Luego se dirigió a los españoles. “Diga a su jefe que agradezco sus ofrecimientos sin aceptarlos: está usted despachado”.
José Redhead, el médico amigo de los Güemes, que había atendido a Manuel Belgrano en 1819 y 1820, obtuvo el permiso de los españoles para ir a revisarlo: ya le había adelantado que cualquier herida que recibiera sería mortal, ya que se suponía que sufría de hemofilia.
Pero los intentos tanto de Redhead, como su colega Castellanos, fueron inútiles. Según la tradición oral de la familia Güemes, sus últimas palabras fueron para su esposa Carmen Puch. “Mi Carmen no tardará en seguirme; morirá de mi muerte así como vivió de mi vida”.

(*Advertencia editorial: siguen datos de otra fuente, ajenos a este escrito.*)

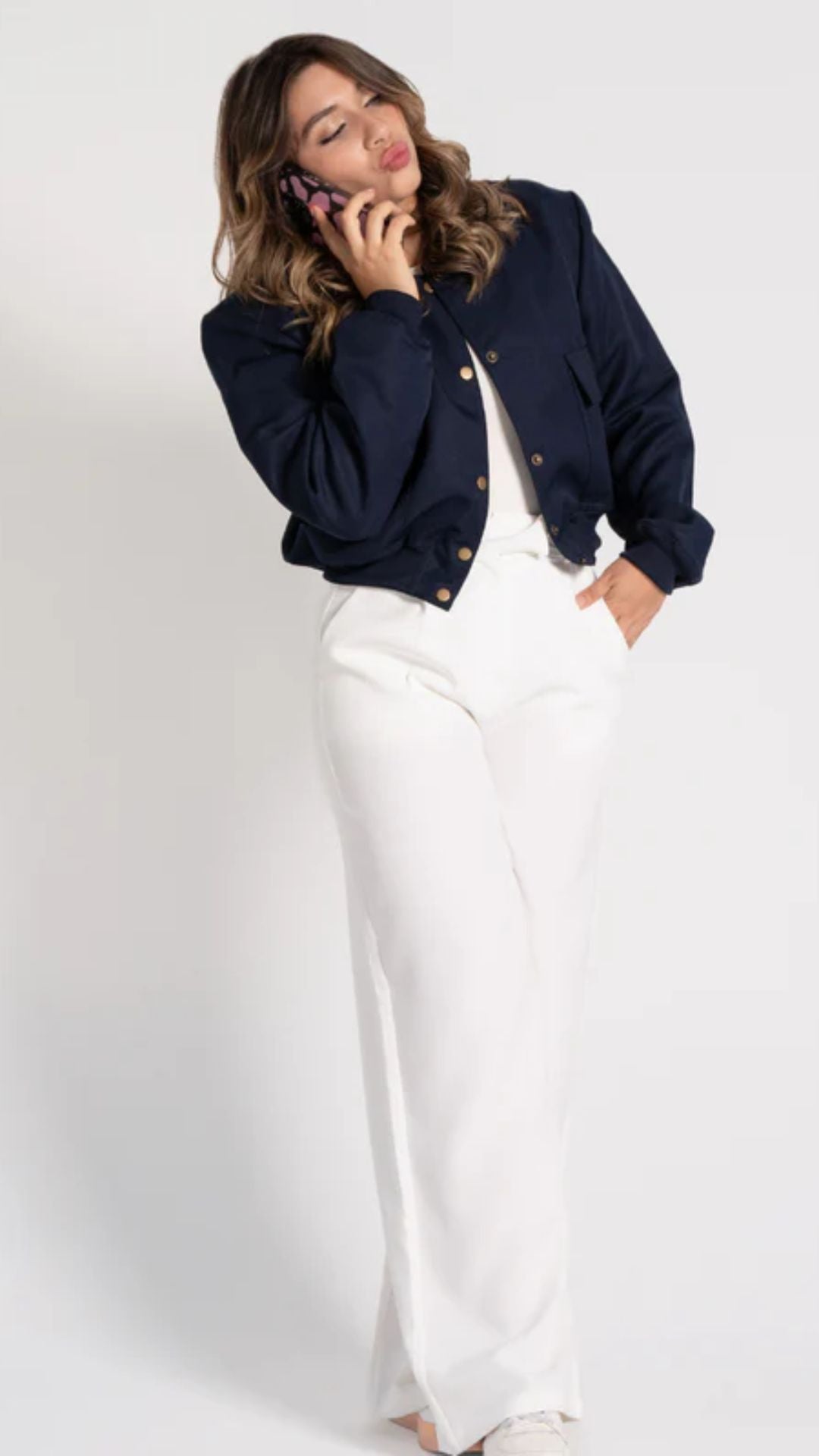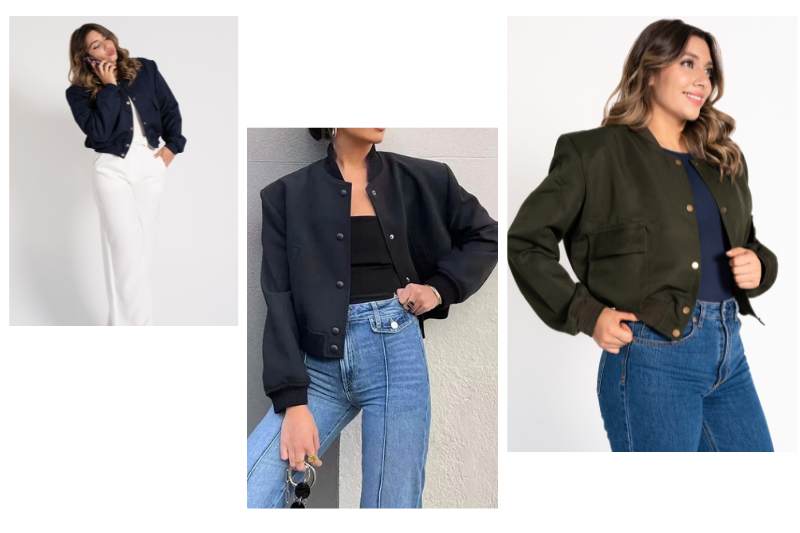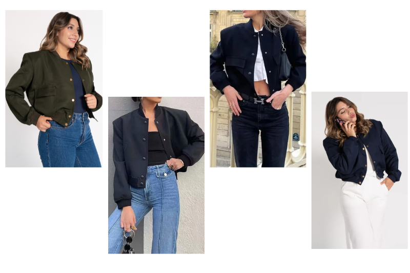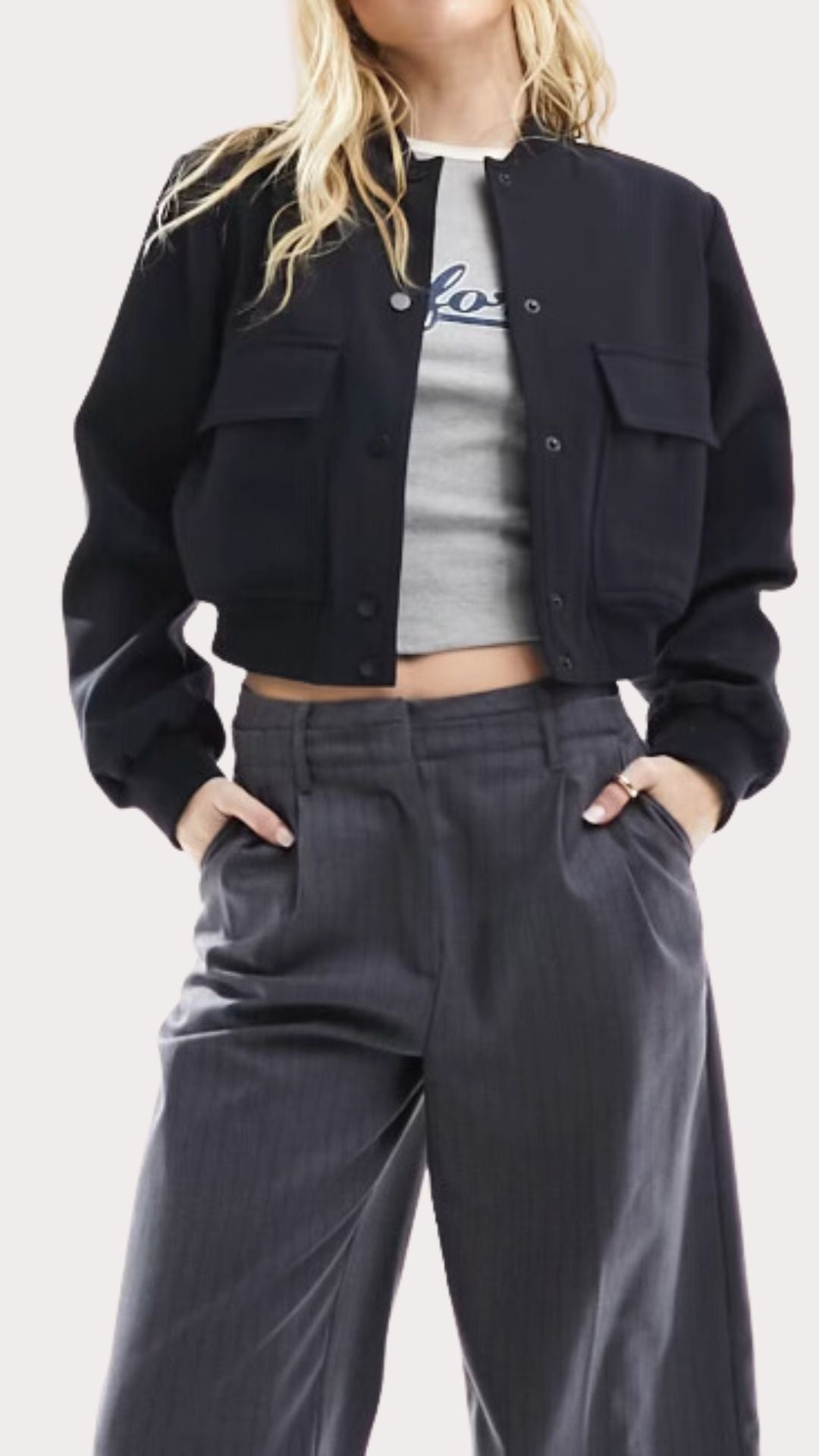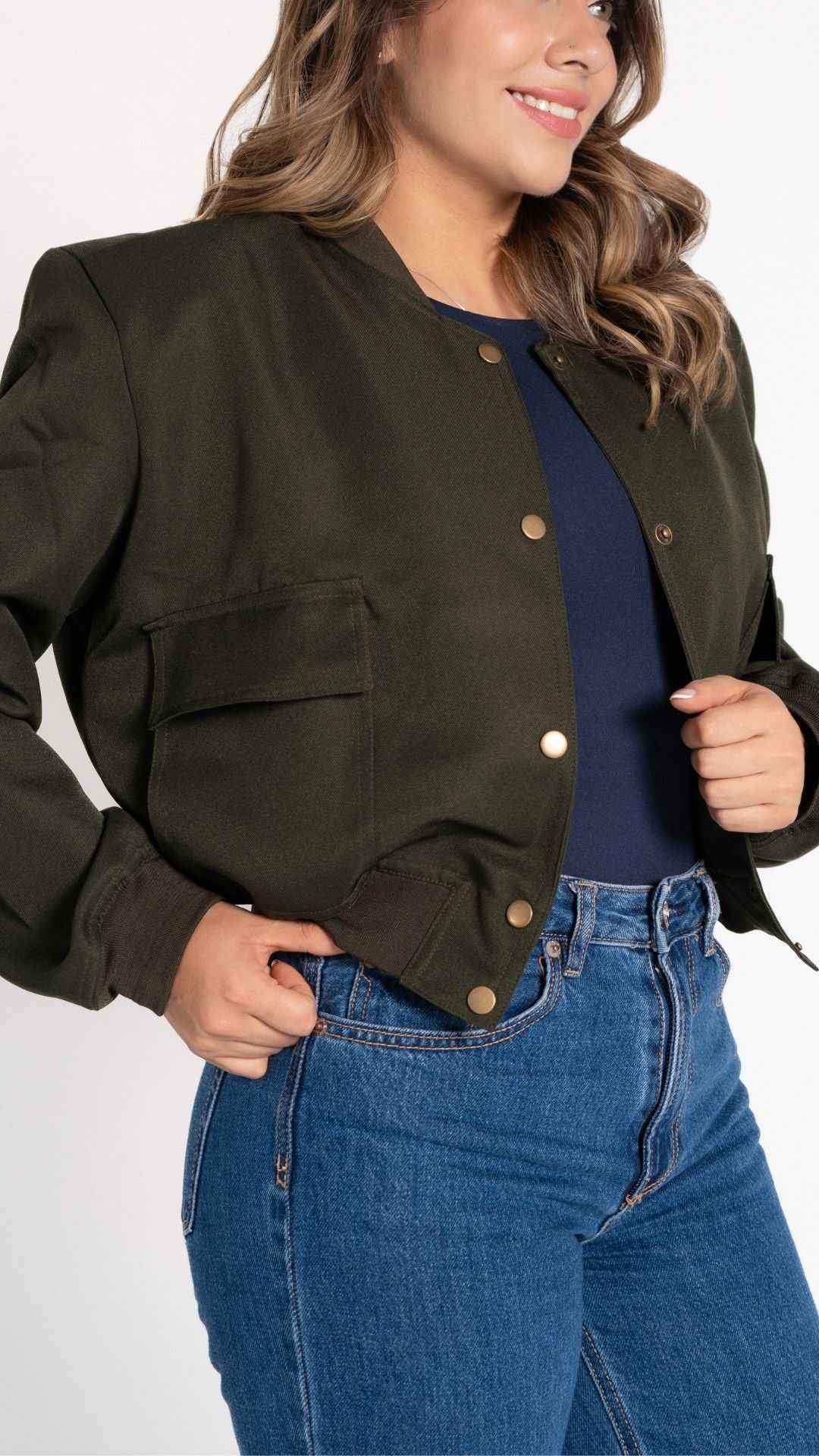 Cazadora bomber corta de cuello redondo y manga larga. Bolsillos delanteros de plastrón con solapa. Detalle de acabados en rib. Cierre frontal con botones a presión. Disponible en varios colores.

Falleció el 17 de junio de 1821 y fue sepultado al día siguiente en la capilla de El Chamical. En 1822 sus restos fueron trasladados a la vieja Catedral, por 1877 al panteón familiar en el Cementerio de la Santa Cruz y finalmente en 1918 a la Catedral de Salta, en el Panteón de las Glorias del Norte.
La historia tardó en reconocer su labor en el norte. Cuando murió, en Buenos Aires un diario anunció que “había un cacique menos”. Sería a comienzos del siglo veinte cuando la figura y la trayectoria del único general muerto en batalla por las guerras de la independencia fue revalorizada.
En cada aniversario de su fallecimiento, al pie del cerro San Bernardo, donde se levanta el monumento que lo recuerda, se baila, se canta y se cuentan historias sobre su vida.
No se equivocó. La tradición popular cuenta que su esposa Carmen, al enterarse de la muerte de su marido, al que seguiría la de su enfermizo pequeño hijo Luis, se encerró en su habitación, se cortó sus cabellos y dejó de comer. Tenía 25 años cuando falleció el 3 de abril de 1822. La Carmencita había seguido los pasos de su amado Güemes, hasta a la misma muerte.